しかし、ミルは知らない。ヴリトラが差しだした水は、高度七百メートル以上に生息する氷百合という花から早朝にのみとれる水滴を集めた物だ。今朝の内に『神至の塔:下側』最上段までヴリトラがひとっとびして、そこに咲いていた氷百合からとってきたのだ。
数日前に、飛行魔法が使える教師が塔の頂上を偵察するために、休憩しながら外壁を昇った際は一時間を要している。上に行くほど抗魔法が強く飛行困難になるため、高い練度の教師ですら迂闊に飛んでいくことはできないのだ。その工程をヴリトラは短時間で軽く超えていた。
ミルも水筒のお茶で水分補給し終えたので、次の作業に移る。
「みんな、一息ついた?」
うむ、は~い、おう、ペチン(尻尾で床を叩く音)と、全員から返事。
「じゃ、ベリオは持ってきた魔法道具の設置。
アーシュラはその手伝い。
タロリーは、高い位置に窓を開けてきて。
私は照明魔法道具を設置するから」
ミルの指示に従って各々が作業を始める。ヴリトラはアーシュラの言うことしか聞かないので、指示はなしだ。
アーシュラは階段から離れた壁際の床に『ブロック』で穴を開ける。
次にベリオが一階から運んできた魔動ウインチを穴の脇に設置し、懐中電灯を階下に向けオンオフを繰り返す。すると、一階でも懐中電灯がオンオフされた。
「おっ。
準備オッケーみたいだな。アーシュラ、ワイヤーを垂らすぞ」
「うむ」
二人はワイヤーの先端を穴にいれ、ウインチを作動させて、下に伸ばしていく。
暫くしてワイヤーは一階で待機していた二班の元に到達。
引き上げるとワイヤーのフックにトレーが引っかけてあり、五人分の食事が載っていた。
「おーい、ミル。昼飯が届いたぞー」
「了解。みんな作業は終わった?
まだの人も一旦手を止めて、お昼ご飯にしよ」
昼食を取り終えると、次に魔動ウインチで私立ルーヴィラス学園に所属するドワーフの生徒を一名、引き上げた。

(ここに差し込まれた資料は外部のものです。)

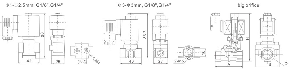 | Air、 Gas | Water、Hot water、Liquid | Light oil ≤20CST | AC 220 | DC 24V | Brass | Stainless steel | Length×Width×Height A×B×H(mm) | |||||

ドワーフ自体が小柄な種族だが、耐荷重五十キログラムのウインチを使う都合上、最も軽い者が選ばれた。ドワーフの少女トッティは、どう見ても園児にしか見えない。だが、れっきとした中等部三年だ。事前に挨拶は済んでいるので、トッティは早々に作業に移る。魔動ウインチでもう一つの魔動ウインチを階下から引き上げた。
「じゃあ、トッティさん、あとはお願いします」
「はいら~!」
ミル達はトッティを二階に残し、引き上げた方の魔動ウインチを持って三階を目指す。トッティは残った方の魔動ウインチで中型の魔動ウインチの部品を引き上げ、組み立てる予定だ。次に、完成した中型ウインチで魔動エレベーターの部品や仲間達を運ぶ。このようにして、少しずつ大きい魔法道具を上の階に運び、最終的には塔の一階から最上階まで荷物を輸送可能にするエレベーターを創る。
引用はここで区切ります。